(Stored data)
..............................

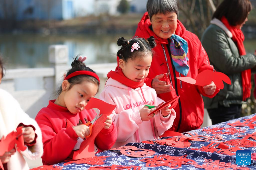Kids make paper-cutting decorations to greet the upcoming Spring Festival in Luoshe town of Deqing county, Huzhou city of East China's Zhejiang province, Jan 19, 2023. [Photo/Xinhua]
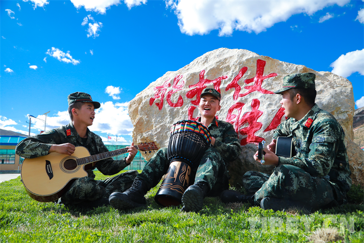 中國西藏網訊 近日,駐守在平均海拔4300米的西藏自治區(qū)昌都市八宿縣邦達鎮(zhèn)的武警第二機動總隊某支隊官兵,充分發(fā)揮興趣愛好特點,開展了樂隊演奏、書香軍營、讀書分享會等特色軍營文化活動,豐富了高原軍營文化生活,進一步鑄牢了青年官兵扎根高原、建設邊疆的堅定理想信念。圖為該支隊官兵正在彈奏自編歌曲《青春高原》 攝影:陸文凱(中國西藏網 通訊員/陸文凱)
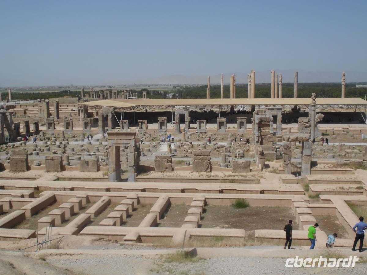 An diesem Tag erwartet uns ein Höhepunkt der Reise, die Besichtigung von Persepolis. Persepolis, die Repräsentationshauptstadt des achämenidisch- persischen Weltreichs. Sie wurde von Darius I. um 518 v.Chr. gegründet und existierte bis zu ihrer Zerstörung durch das griechische Heer Alexanders des Großen im Jahre 331 v.Chr. Persepolis diente vor allem auch der Ausrichtung der Neujahrsfeierlichkeiten, zu denen jedes Jahr Ende März, dem Jahresbeginn im persischen Sonnenkalender, Gesandtschaften aus allen Völkern des Reiches eintrafen und ihre Geschenke überreichten. Im Gelände befinden sich der Apadana-Audienzpalast, das Schatzhaus sowie die Paläste von Darius und Xerxes. Die Anlage steht auf einer riesigen Terasse.
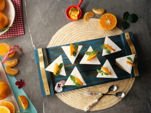 In serving cups,add a layer of orange mousse,whipped cream and scrape excess cream.
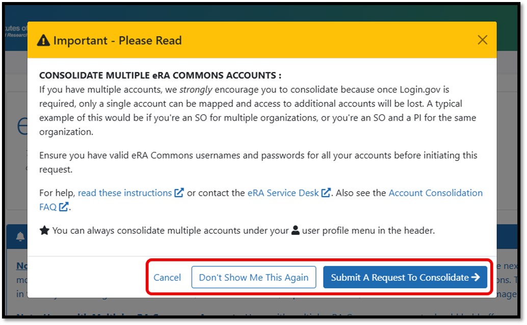 All users will be presented with the option to consolidate accounts following login to eRA
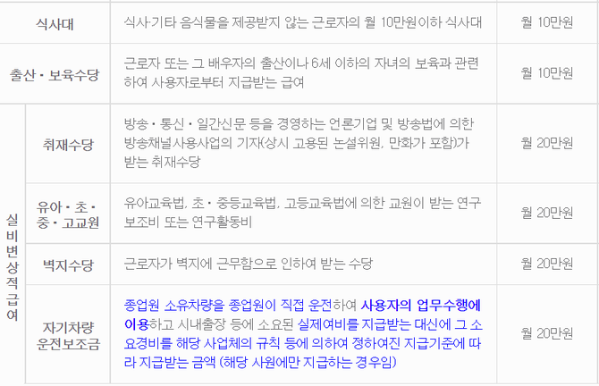 원래는 비과세 수당만큼 급여를 올리라는 취지지만, 실제 대부분의 회사들은 기본급을 쪼개 비과세 수당에 포함시킴으로써 회사 부담금을 줄이는데 사용한다.
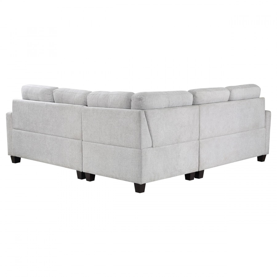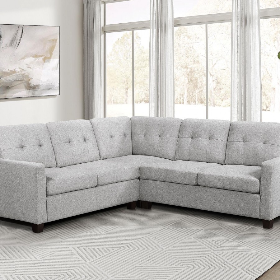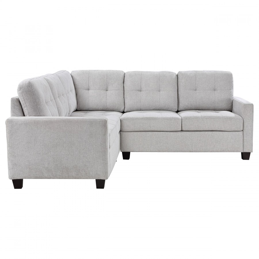 Entertaining is a breeze with a transitional style motif as the sectional set assembles pieces forming an L-shaped sofa, ideal for family rooms and media venues. Classic design elements are pleasing, as wood framing forms a straight box base and slender track arms. Gorgeous fabric upholstery opens up options for blending with room color palettes. Sit in relative luxury on foam-padded attached seat cushions and against reversible back cushions, all with subtle tufting. Chunky wood feet deliver a fun iconic embellishment to a set that includes one corner chair, one left-facing loveseat, and one right-facing loveseat.
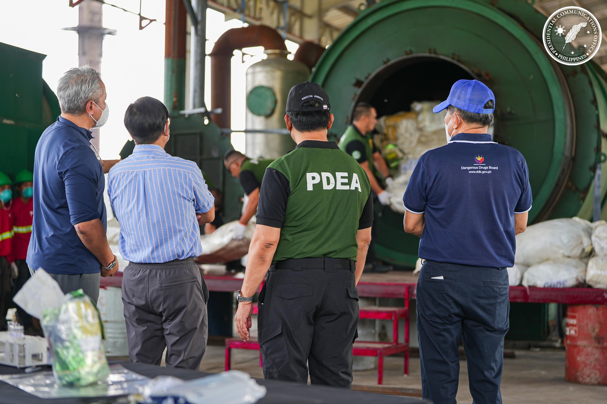 Joined by officials from the Department of the Interior and Local Government (DILG), PDEA, Dangerous Drugs Board (DDB), Department of Justice (DOJ), and the Philippine Coast Guard (PCG), President Marcos observed the confirmatory testing of selected samples of methamphetamine hydrochloride (shabu), marijuana, cocaine, and ecstasy. These tests ensured the authenticity and identity of the substances prior to destruction.
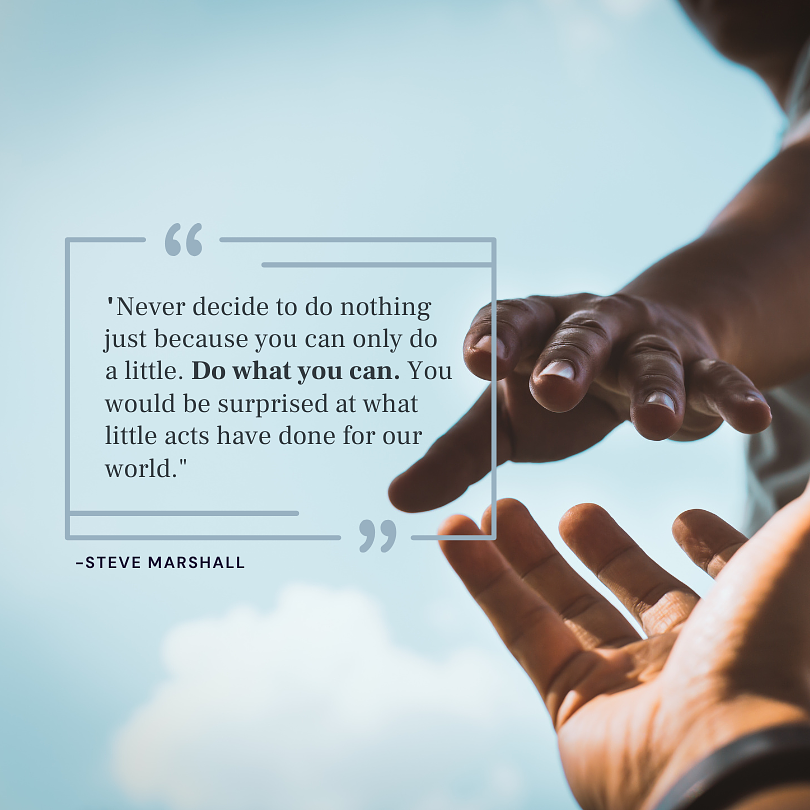 Do What You Can - Steve Marshall Quotes & Inspiration October 25, 2025 Comments 0 {:like=>"Like", :liked=>"Liked", :likes_html=>{:one=>"1 <span class='like-text'>like</span>", :other=>"%{count} <span class='like-text'>likes</span>"}, :index=>{:more_likes=>{:one=>"And one more", :other=>"And %{count} more"}}} 0 Jeanne is on vacation this week, but she's been wondering.....what if we made kindness go viral....one act of kindness at a time. "Never decide to do nothing just because…

..............................

#### WHAT YOU SHOULD DO
Every record is to be restated word for word, with the pictures left out.

#### SOLVED PROBLEM
Kids make paper-cutting decorations to greet the upcoming Spring Festival in Luoshe town of Deqing county, Huzhou city of East China's Zhejiang province, Jan 19, 2023. [Photo/Xinhua]
 中國西藏網訊 近日,駐守在平均海拔4300米的西藏自治區(qū)昌都市八宿縣邦達鎮(zhèn)的武警第二機動總隊某支隊官兵,充分發(fā)揮興趣愛好特點,開展了樂隊演奏、書香軍營、讀書分享會等特色軍營文化活動,豐富了高原軍營文化生活,進一步鑄牢了青年官兵扎根高原、建設邊疆的堅定理想信念。圖為該支隊官兵正在彈奏自編歌曲《青春高原》 攝影:陸文凱(中國西藏網 通訊員/陸文凱)
 An diesem Tag erwartet uns ein Höhepunkt der Reise, die Besichtigung von Persepolis. Persepolis, die Repräsentationshauptstadt des achämenidisch- persischen Weltreichs. Sie wurde von Darius I. um 518 v.Chr. gegründet und existierte bis zu ihrer Zerstörung durch das griechische Heer Alexanders des Großen im Jahre 331 v.Chr. Persepolis diente vor allem auch der Ausrichtung der Neujahrsfeierlichkeiten, zu denen jedes Jahr Ende März, dem Jahresbeginn im persischen Sonnenkalender, Gesandtschaften aus allen Völkern des Reiches eintrafen und ihre Geschenke überreichten. Im Gelände befinden sich der Apadana-Audienzpalast, das Schatzhaus sowie die Paläste von Darius und Xerxes. Die Anlage steht auf einer riesigen Terasse.
 In serving cups,add a layer of orange mousse,whipped cream and scrape excess cream.
 All users will be presented with the option to consolidate accounts following login to eRA
 원래는 비과세 수당만큼 급여를 올리라는 취지지만, 실제 대부분의 회사들은 기본급을 쪼개 비과세 수당에 포함시킴으로써 회사 부담금을 줄이는데 사용한다.
 Entertaining is a breeze with a transitional style motif as the sectional set assembles pieces forming an L-shaped sofa, ideal for family rooms and media venues. Classic design elements are pleasing, as wood framing forms a straight box base and slender track arms. Gorgeous fabric upholstery opens up options for blending with room color palettes. Sit in relative luxury on foam-padded attached seat cushions and against reversible back cushions, all with subtle tufting. Chunky wood feet deliver a fun iconic embellishment to a set that includes one corner chair, one left-facing loveseat, and one right-facing loveseat.
 Joined by officials from the Department of the Interior and Local Government (DILG), PDEA, Dangerous Drugs Board (DDB), Department of Justice (DOJ), and the Philippine Coast Guard (PCG), President Marcos observed the confirmatory testing of selected samples of methamphetamine hydrochloride (shabu), marijuana, cocaine, and ecstasy. These tests ensured the authenticity and identity of the substances prior to destruction.
 Do What You Can - Steve Marshall Quotes & Inspiration October 25, 2025 Comments 0 {:like=>"Like", :liked=>"Liked", :likes_html=>{:one=>"1 <span class='like-text'>like</span>", :other=>"%{count} <span class='like-text'>likes</span>"}, :index=>{:more_likes=>{:one=>"And one more", :other=>"And %{count} more"}}} 0 Jeanne is on vacation this week, but she's been wondering.....what if we made kindness go viral....one act of kindness at a time. "Never decide to do nothing just because…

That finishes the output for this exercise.